А приема нет как нет. Связь прекратилась. Признаться, меня начинает мучить совесть: стоило заговорить о трагедии, и вот… Мистика. Не хватало, чтобы вновь случилось то же самое. Взгляды вопросительно устремляются к Булыге. Тюлька-Джим деловито грызет мои сандалии острыми, как иглы, щенячьими зубками. Один Сережа делает вид, что ничего не происходит.
— Лежим, значит, — продолжает он, — думаем хорошо, что у батискафа теплоизоляция есть. Знаем: аварийный буй всплыть не может, тоже кабелем прижат. Тем временем наверху вызвали опытных водолазов — несколько раз они выходили на дно, нас же из-за пересеченного рельефа не видели: «Аргус» тогда еще желтым был, что не последнюю роль сыграло. На фоне донных отложений желтый цвет закамуфлировал батискаф. Из Севастополя на помощь срочно вышел кабелеукладчик «Цна» с опытными моряками на борту…

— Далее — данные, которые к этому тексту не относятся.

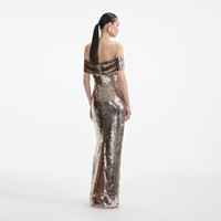 Details & Fit A festive dress for the ages, let the liquid-like sequins and diamante brooch do all the talking. Featuring a sensual cut, enhance the off-shoulder neckline with a pair of our statement earrings. - Fitted style, take one size up if between sizes - Zip closure at back - Fully lined - Internal corset - Diamante brooch embellishment - Model is 5ft10/178cm and wears a size UK 6 COMPOSITION 95% Polyester 5% Elastane

Алексеев подталкивает меня, кивая на горизонт. Верно говорил капитан Касаткин: «На море такое произойти может, что и поверить трудно» — из-за горизонта показывается туманное пятно, постепенно принимающее очертания корабля. Экипаж «Прибоя» узнает знакомый силуэт «Цны». Той самой.
Лично мне кажется — это уж слишком. Мы вовсе не хотим, чтобы, иллюстрируя Сережин рассказ, все повторялось вновь и «Аргус» исчезал в пучине. И пусть себе кабелеукладчик «Цна» с опытными моряками идет мимо.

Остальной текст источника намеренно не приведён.